Linear correlation plot that showcases the connection between the mean Root Mean Square Deviations (RMSDs) of the DNA-RNA duplex and the corresponding digestion percentages (catalytic activity). The data shows strong negative correlation between %Digestion and average RMSD with a Pearson correlation coefficient (r) of −0.801.
Overall, a significant correlation was established between the RMSD values and catalytic activity. This indicates that higher RMSD values, reflecting structural instability, were associated with reduced catalytic activity, while lower RMSD values indicated stability and higher activity. Importantly, the study also assessed the conformational dynamics of the RuvC and HNH domains. It found minimal conformational deviations, suggesting that the mutations in the DNA sequence did not significantly alter the dynamics of these catalytic domains. We observed that staggered mismatches having 3 mismatches but with at least 2 nucleotide gaps between the mismatches were tolerated pointing to the fact that the effect of mismatches is limited to the mutated base only. Our work showed that along with the energetics requirement and mismatch position, DNA-RNA duplex instability arising out of mismatches should also be taken into account for designing more specific gRNAs and thus reducing the off-target SpCas9 activity.
Experimental procedures
Cloning of target sites
All the target sites were cloned in our in-house designed reporter plasmid that is also used for cell-based assays (detailed description is given in section 4.7) Target site (containing various mismatches- Table 2) oligonucleotides and their complimentary oligonucleotides were annealed by heating them at 95oC and gradually reducing the temperature by 4 °C in a touchdown manner where each cycle is of 4 min. The final temperature is 4 °C at which the annealed product is obtained and phosphorylated. The reporter assay plasmid was sequentially double digested with EcoRI and Xho1 at 37 °C for 2 h and dephosphorylated. The digested gel product was purified and ligated with 1:100 dilution of the annealed product using T4 DNA ligase. The ligation reaction was performed overnight at 16 °C. The ligated product was then transformed into XL1B cells with ampicillin selection. The obtained colonies were screened by sequencing the plasmids isolated from them. After successful cloning of the target sites in reporter assay plasmid, the target DNA for in vitro experiments was obtained using PCR amplification. The length of the amplicon in each case was 450 bp with the target at the middle portion. Therefore, after SpCas9 mediated DNA double-strand break, the cleaved DNAs formed were of 225 bp approx. This can be observed in all the agarose gel images in Figure 2, Figure 3, Figure 4, Figure 5, Figure 6, Figure 7, Figure 8. However, in panel A of Figure 2 we used different primers to depict the individual DNA fragments after SpCas9 digestion.

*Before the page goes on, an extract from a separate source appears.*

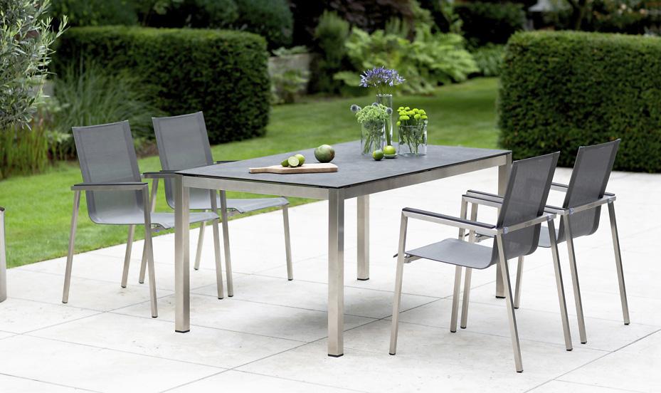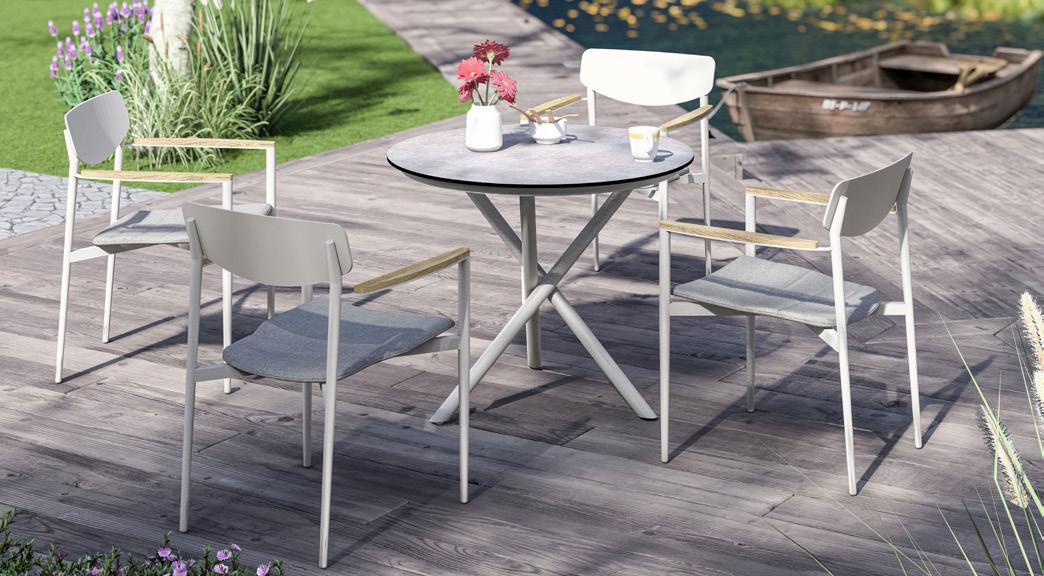 Stuhl, Bezug Sunproof Fontelina nature, Aluminiumgestell light taupe pulverbesch.Armlehnen Teak. 71950219 289.Tischgestell, 3-Bein-Aluminiumgestell light taupe pulverbeschichtet. 7195015501 419.-

Cloning of probe region in gRNA
Probe regions and their complementary primers (Table 3) were annealed by heating them at 95 °C and gradually reducing the temperature by 4 °C in a touchdown manner where each cycle is of 4 min. The final temperature is 4 °C at which the annealed product is obtained and phosphorylated. pT7gRNA plasmid (a gift from Wenbiao Chen having Addgne ref #46759) was digested with BsmBI at 55 °C for 2 h and dephosphorylated. The digested gel product was purified and ligated with 1:100 dilution of the annealed product using T4 DNA ligase. The ligation reaction was performed overnight at 16 °C. The ligated product was then transformed into XL1B cells with ampicillin selection. The obtained colonies were screened by sequencing the plasmids isolated from them.

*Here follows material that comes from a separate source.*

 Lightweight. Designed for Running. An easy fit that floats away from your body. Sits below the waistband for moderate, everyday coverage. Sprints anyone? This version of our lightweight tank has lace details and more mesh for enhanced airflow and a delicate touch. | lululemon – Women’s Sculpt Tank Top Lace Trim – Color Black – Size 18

Synthesis and purification of gRNAs
The cloned plasmids were digested with BamHI and the digested product was purified by gel purification using a QIAquick Gel Extraction Kit (Qiagen, Cat No-28706). The linearized vector was then used in an IVT reaction using T7 RNA polymerase to produce gRNA. The produced gRNA was purified using a Qiagen RNA purification kit (RNeasy Mini Kit, Qiagen, cat no-74104) after DNase I digestion. The purified gRNA was checked for integrity on an 8% Urea Page.
Expression of SpCas9
pET-28b-Cas9-His (a gift from Alex Schier (Addgene plasmid # 47327))was obtained from addgene) and it was transformed in BL21DE3 Rossetta pLysS cells with kanamycin resistance. The transformed cells were inoculated in LB overnight at 37 °C. The overnight cells were again inoculated in a 1-L culture. Upon reaching a growth O.D. of 0.6, the cells were induced with IPTG at a final concentration of 1 mM. The induced cells were grown overnight at 17 °C and after checking for induction the cells were pelleted and proceeded for the purification step.
Purification of SpCas9
The pelleted induced cells were resuspended with lysis buffer (50 m Tris pH 8.0, 150 mM NaCl, 10 mM MgCl2, 0.1% NP 40) and incubated in ice for 30 min. Post-incubation the cells were sonicated and centrifuged at 16,000g for 30 min at 4 °C. The supernatant was collected and charged on a Ni-NTA column at 4 °C. The column was washed with various concentrations of Imidazole. The proteins were then eluted at 300 mM imidazole and the eluted protein was dialyzed in dialysis buffer (50 m Tris pH 8.0, 150 mM NaCl, 10 mM MgCl2, 0.1% NP 40, and 20% glycerol). Dialysis was performed at 4oC overnight.
SpCas9 functional assay
We first synthesized different-sized gRNA by in vitro transcription. The RNA was then purified and checked for integrity on a urea-PAGE. The three individual components i.e. the SpCas9 protein, gRNA, and target DNA were reconstituted and incubated for 60 min at 37 °C. After incubation was done the reaction was stopped by incubating the mixture at 65 °C for 15 min. Post this, the samples were first incubated with RNase A at 37 °C for 15 min. After this, they were incubated with Proteinase K at 55 °C for another 15 min. Finally, the samples were then run on a 2% Agarose gel. Each experiment was replicated twice independently.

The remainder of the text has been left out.